Много лет назад я поехал со своей фермы в Любек – я был тогда совсем молодой – и увидел там немой вариант фильма «Фауст»; актриса, игравшая Гретхен, была необычайно хороша и произвела на меня глубокое впечатление. Такая беленькая, такое идеально белое лицо и прелестная фигура – я думал о ней потом целыми днями, неделями. Она посещала меня в моих снах, преследовала меня. Звали ее, эту актрису, Маргарета – фамилию я сейчас уже забыл. В моих мыслях она была просто Маргарета. Я представлял себе, как она говорит: мне казалось, что, если я услышу ее, она будет говорить на чистейшем немецком. Вроде как ты. Я смотрел этот фильм раз десять. Потом я узнал, что она умерла очень молодой – по-моему, от туберкулеза, – и меня это ужасно огорчило. Шло время, и постепенно я ее забыл – по крайней мере ее образ больше не преследовал меня. Совсем забыть ее я не смог.
Хесс умолк и снова крепко, до боли сжал ей плечо, и она с удивлением подумала: «А ведь он, как ни странно, причиняя мне боль, пытается выразить нежность…» Тирольцы внизу умолкли. Софи невольно крепко зажмурилась, стараясь не кривиться от боли, и одновременно где-то в темных глубинах сознания улавливала звуки лагерной симфонии смерти: лязг металла, далекий грохот сталкивающихся товарных вагонов и слабый, плачущий свисток паровоза, печальный и пронзительный.

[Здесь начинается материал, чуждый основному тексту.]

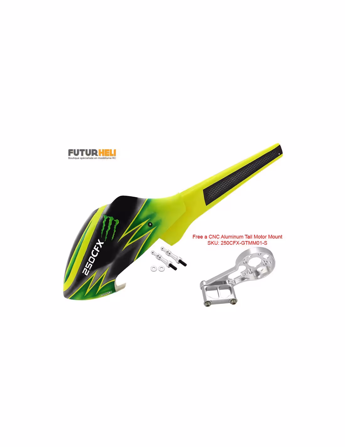 Magnifique fuselage en fibre peint couleur "Monster" pour habiller votre 250CFX . Livré avec support spécial pour le moteur d'anti-couple .

– Я прекрасно сознаю, что во многих отношениях я не похож на большинство людей моей профессии – людей, воспитанных в военной среде. Она никогда не была органически моей. Я всегда держался в стороне. В одиночестве. Я никогда не общался с проститутками. В публичном доме я был всего раз в жизни, совсем молодой, в Константинополе. Это оставило во мне лишь отвращение: меня тошнит от распутства шлюх. Есть что-то в чистой красоте, которую излучают некоторые женщины – белокожие, светловолосые, хотя настоящие арийки могут быть, конечно, и брюнетками, – что побуждает меня поклоняться такой красоте, поклоняться до обожествления. Такой была та актриса, Маргарета, а потом женщина, с которой у меня несколько лет была связь в Мюнхене, чудесный человек, мы страстно любили друг друга, и у нас даже был внебрачный ребенок. Вообще-то я сторонник моногамии. Я всего два-три раза изменял жене. Но та женщина… она была восхитительнейшим олицетворением такой красоты – тонкие черты лица и чистая нордическая кровь. Меня тянуло к ней так сильно, это было гораздо сильнее грубого сексуального влечения с его так называемыми «радостями». Тут речь шла о вещах гораздо более серьезных – о продолжении рода. Самая мысль, что мое семя попадет в столь прекрасный сосуд, преисполняла меня восторгом. Такое желание вызываешь во мне и ты.